While more keywords are typed by people (and more queries about the subject), generally more important problems are facing, but the demographics are also important because if someone is very poor, you wouldn’t want to invest money to solve his problem because he has no money to pay for your efforts, so you have to find the right balance to be profitable in the content creation business.
It is much more difficult right now.
The googlebot hasn’t got a clue what is quality content and we really do need to stop beating ourselves up about this.
Yes, there are certain giveaways about page structure that are likely to indicate poor quality – ads in the body div above the fold, no images or videos etc. – but Google has absolutely no automatic way to ascertain the quality of your magnum opus other than:-
1) The correct keyphrases and LSI in the body text
2) The right amount of text (you’ll have to stick your finger in the air and guess at that one, but I reckon it’s about the 1000 word mark)
3) QUALITY INBOUND LINKS
It is STILL all about the links because that is something Google has very sophisticated metrics for, unlike content.
So, don’t waste time trying to outdo Wikipedia, put massive effort into getting the right links, and that’s NOT just high PR but also high Authority.
I think high quality solves a problem or answers a question, providing value, where low or medium quality just writes about a topic, restating information.
One wonder if there truly is a universal, “one size fits all” definition for quality. The whole purpose of all the content on a site is to impart something of value (another term that is not quite definable) to visitors. However, here is the catch: every visitor is going to have his or her individual, highly subjective assessment of whether he or she gained anything from visiting that site, and if the answer is in the positive, just how much he or she gained.That is as far as we mortals are concerned. Who knows about the god Google? Every time the god Google appears to have finally given us mortals definite clues on what the god is looking for in websites, we get yet one more nasty surprise.
I think there are two parts to a ‘quality’ article:
1 – Personality or USP
There needs to be a bit of you in there. A bit of personality. Differentiation. There is so much content out there and the only way to make something unique these days is to add your personal touch (since there is no one out there like you). This is the part of the content that resonates with people. The part that makes them either leave or jump on your bandwagon (you need a bit of both).
2 – Sharability
I think quality content is content that is worth sharing and I think this is exactly what Google is shifting its algorithm towards. The web world has never been more connected and Google understands that high(er) quality articles are those that get shared the most.
Those are just my thoughts
The Awesome answers happening here can be defined as quality. A mix of opinion and facts from real people sharing. I wonder though, when a blog page has so many responses, if there is an easy way to add navigation rather than scrolling down?
Thank you everyone!
Rick Woolsey
I use these three rules:
1. Quality content is Educational. It teaches you something… and something of value. It doesn’t always have to be a “how-to” type post, but you walk away from it thinking, “Hmmm, I didn’t know that.”
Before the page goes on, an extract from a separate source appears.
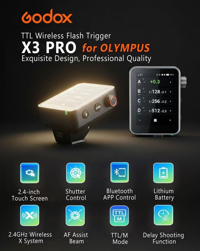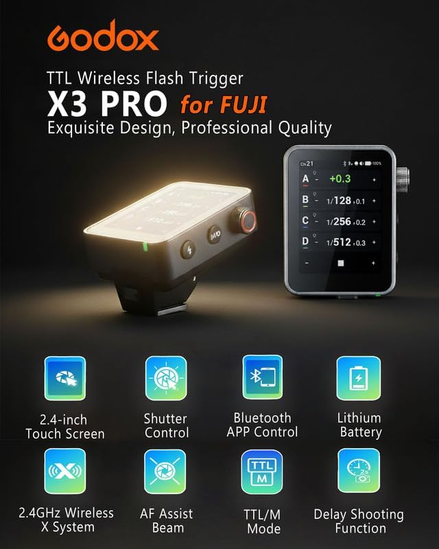 A noteworthy feature is the Wireless Sync-say goodbye to manual matching of trigger and flash. Seamlessly connect the X3 to our upcoming retro camera flash with just one tap.

2. Quality content is Entertaining. It stirs up some kind of emotion. Almost any emotion will do. But, I’ve found that posts that don’t create any emotion rarely connect with readers.
3. Quality content is Concise. What’s said is said in as few words as possible while still conveying the main point. You don’t write to hear the sound of your own voice. You write to convey a point. Do that and be done.
There’s probably a lot more things you could look at, but the mind can only focus on so much at one time. I’ve found I never implement any kind of strategy that goes beyond 3-5 points… and I believe the 3 above are the most important.